Rdio isn't available in your country just yet

time to use vpn


----------



## trewq (Feb 12, 2014)

sv01 said:


> sh**t
> 
> 
> Rdio isn't available in your country just yet
> ...


Just had a look at Rdio. Seems to do exactly the same thing as Spotify and costs the same but has less people using it.


----------



## Dylan (Feb 12, 2014)

Aldryic C said:


> Giving Google Music a try now - it's a little quirky, and the price is a bit higher than what you're wanting (10$/mo) - but it's doing decently enough so far.


Google Play Music All Access (ugh, what a mouthful) beats Spotify hands down IMO. The streaming catalogs are virtually identical, but with Google, and this is a huge but, you can also upload your own music (or, hell, any audio files) to your library and then stream it anywhere. Google's Android app and web player are also much better than Spotify's.


----------



## kaniini (Feb 12, 2014)

Google Play All Access is better than Spotify, at least in terms of the radio capabilities.  I'm happier with it over Spotify.


----------



## KuJoe (Feb 12, 2014)

I've been buying a lot of music on Google Play (mainly because I have so much credit and don't need any apps) so maybe the All Access is the better route. I do hate how hard it is to close any apps by Google on Android but I guess that's better than listening to two songs at once.


----------



## Hxxx (Feb 12, 2014)

RHAPSODY is the BOSS. Premium content, no ads, you select what you want from each album, you also may download the files to your phone


----------



## Dylan (Feb 13, 2014)

KuJoe said:


> I've been buying a lot of music on Google Play (mainly because I have so much credit and don't need any apps) so maybe the All Access is the better route. I do hate how hard it is to close any apps by Google on Android but I guess that's better than listening to two songs at once.


You can get a 30-day trial before you're charged, so you can always give it a go and cancel (wallet.google.com>subscribtions) if you don't like it.


----------



## Aldryic C'boas (Feb 13, 2014)

KuJoe said:


> I do hate how hard it is to close any apps by Google on Android but I guess that's better than listening to two songs at once.


You don't enable force-kill?  Or am I misunderstanding your intent?


----------



## Srvify (Feb 13, 2014)

Does Spotify have the same issue as pandora with mixing music styles between channels?

I had to cancel my account and create a new one because it kept playing metal on country stations.


----------



## KuJoe (Feb 13, 2014)

hrr1963 said:


> RHAPSODY is the BOSS. Premium content, no ads, you select what you want from each album, you also may download the files to your phone


I wish I never cancelled my Rhapsody subscription, it was only around $40/year and well worth it.



Aldryic C said:


> You don't enable force-kill?  Or am I misunderstanding your intent?

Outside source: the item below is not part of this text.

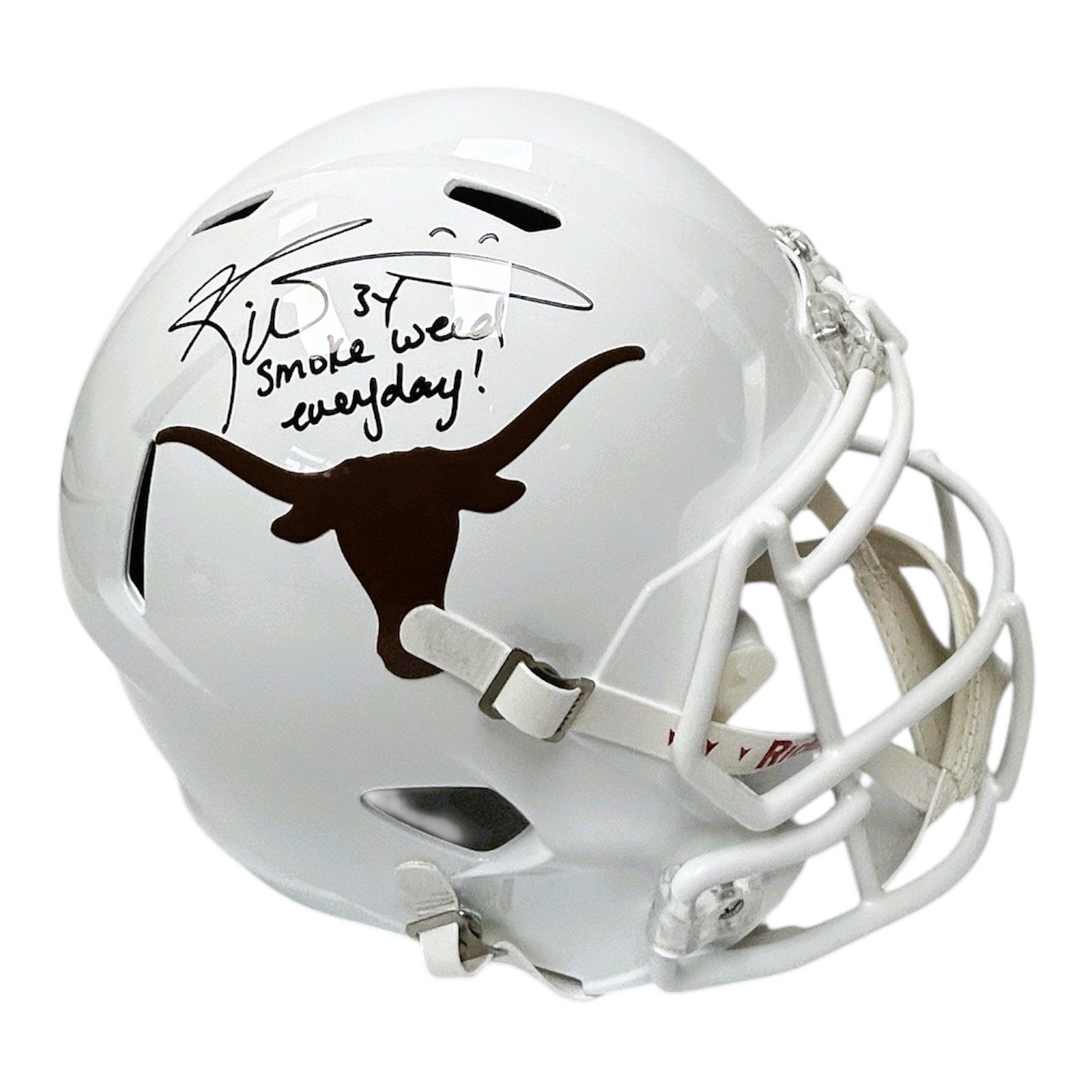 This is a hand autographed full size replica helmet signed by the person listed above. This helmet comes with the inscription “Smoke Weed Everyday”. This item has a Beckett Authentication tamper proof sticker attached to the item. You can view this items authentication on the Beckett website which shows when and where the item was signed. All of our items are signed either at a public autograph appearance or a private signing. All of our autographs are 100% Authentic.Â

Can you explain more about this?


----------



## Aldryic C'boas (Feb 13, 2014)

There's an option you can enable in Android (developer settings maybe?  I don't recall where it is offhand, and my phone's in the other room >_>).  But what it does it you press and hold the 'Back' button/key, and it force-kills the current app.


----------



## KuJoe (Feb 13, 2014)

Aldryic C said:


> There's an option you can enable in Android (developer settings maybe?  I don't recall where it is offhand, and my phone's in the other room >_>).  But what it does it you press and hold the 'Back' button/key, and it force-kills the current app.


Oh I miss that feature, it was on my older phones but not my latest 2.


----------



## Shados (Feb 14, 2014)

KuJoe said:


> I've been buying a lot of music on Google Play (mainly because I have so much credit and don't need any apps) so maybe the All Access is the better route. I do hate how hard it is to close any apps by Google on Android but I guess that's better than listening to two songs at once.


To confirm, are you aware of the technical differences in app/process management between Android and Windows/Linux/OS X? Generally speaking you probably shouldn't be 'killing' off apps in Android unless you explicitly know they are actively consuming CPU or radio time.

Memory-wise, any process that isn't either part of the active app or a 'foreground' service (i.e. one that has an _active notification_ in the notification bar) can and will be killed by the memory management subsystem as needed. Generally, this subsystem will do a better job at maintaining performance than any person acting manually.


----------



## blergh (Feb 14, 2014)

drmike said:


> Is there a Spotify client for Linux that isn't browser based?  Perhaps something like the Pandora client herein above listed... or something with CLI?


despotify


----------



## Taronyu (Feb 14, 2014)

KuJoe said:


> I wish I never cancelled my Rhapsody subscription, it was only around $40/year and well worth it.
> 
> 
> Can you explain more about this?


I just wanted to try Rhapsody and it isn't available in my country  (the Netherlands)


----------



## wlanboy (Feb 19, 2014)

Taronyu said:


> I just wanted to try Rhapsody and it isn't available in my country  (the Netherlands)


Yup all well done services are not available in europe (outside of the UK).

Still searching...


----------



## blergh (Feb 19, 2014)

wlanboy said:


> Yup all well done services are not available in europe (outside of the UK).
> 
> Still searching...


What kind of content are you mostly interested in?


----------



## wlanboy (Feb 20, 2014)

blergh said:


> What kind of content are you mostly interested in?


Audio books (travel times...) and music made before the year 2000.


----------



## fisle (Feb 20, 2014)

For spotify and linux there's also interesting project called mopidy. It's a custom MPD server. "Mopidy is a music server which can play music both from multiple sources, like your local hard drive, radio streams, and from Spotify and SoundCloud."

So you can use your favourite MPD client with it, be it ncmpcpp or sonata or whatever


----------



## JavaPipe.Josh (Feb 20, 2014)

Although it is more similar to SoundCloud than Pandora, have you seen the likes of Baboom? http://baboom.com/


----------